Green met with Louisa County School Superintendent Deborah Pettit, and they decided to invite the community to a presentation about earthquake geology and ways to reduce structural damage. For the presentation, Green enlisted the aid of Virginia Tech colleague Matthew Eatherton, an expert in structural engineering.

Eatherton had gone to Louisa County as part of an Earthquake Engineering Research Institute team, which, along with the GEER team, investigated possible structural damage at the North Anna Nuclear Power Plant and the Smithsonian Institution.

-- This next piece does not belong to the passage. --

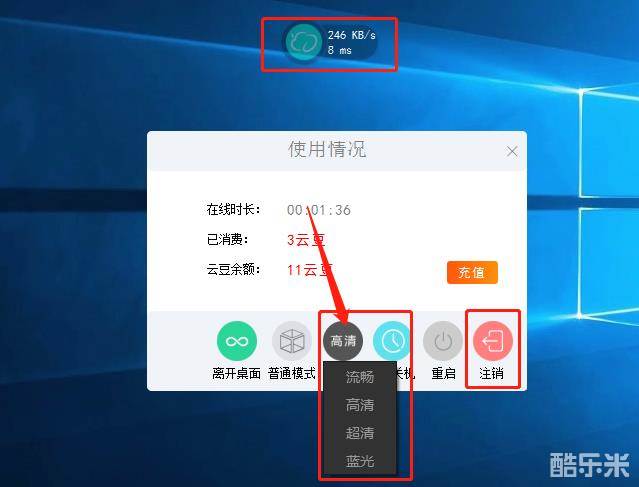 另外,我们还可以点击【悬浮球】进画面的调节。可以选择流畅、高清、超清、蓝光四种画质。如果玩家结束云电脑的使用后可以点击【悬浮球】,点击右下角的【注销】即可退出云电脑。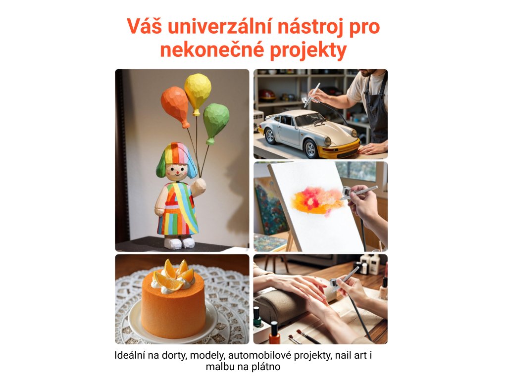 Airbrush sada je vhodná pro modelářství, malbu na plátno, autodetailing, nail art, dekorace dortů i další kreativní techniky. Díky variabilitě trysek se přizpůsobí jak detailní práci, tak plošnému nanášení barvy. Uplatnění najde v domácích dílnách, ateliérech i při hobby tvorbě.

More than 200 Louisa County residents eager to learn about earthquakes attended the hour-long presentation. Afterward, the audience kept the engineers for another hour of questions and answers. At county residents' request, Green has since returned to Louisa several times to inspect homes and other buildings and to perform field tests.

The Virginia earthquake revealed the particular vulnerability of historic buildings with unreinforced masonry, such as the Washington Monument and National Cathedral. "If an earthquake like this one occurs in a more populous area of the east coast, the amount of damage and injuries associated with unreinforced masonry buildings will likely be a major issue," Eatherton says.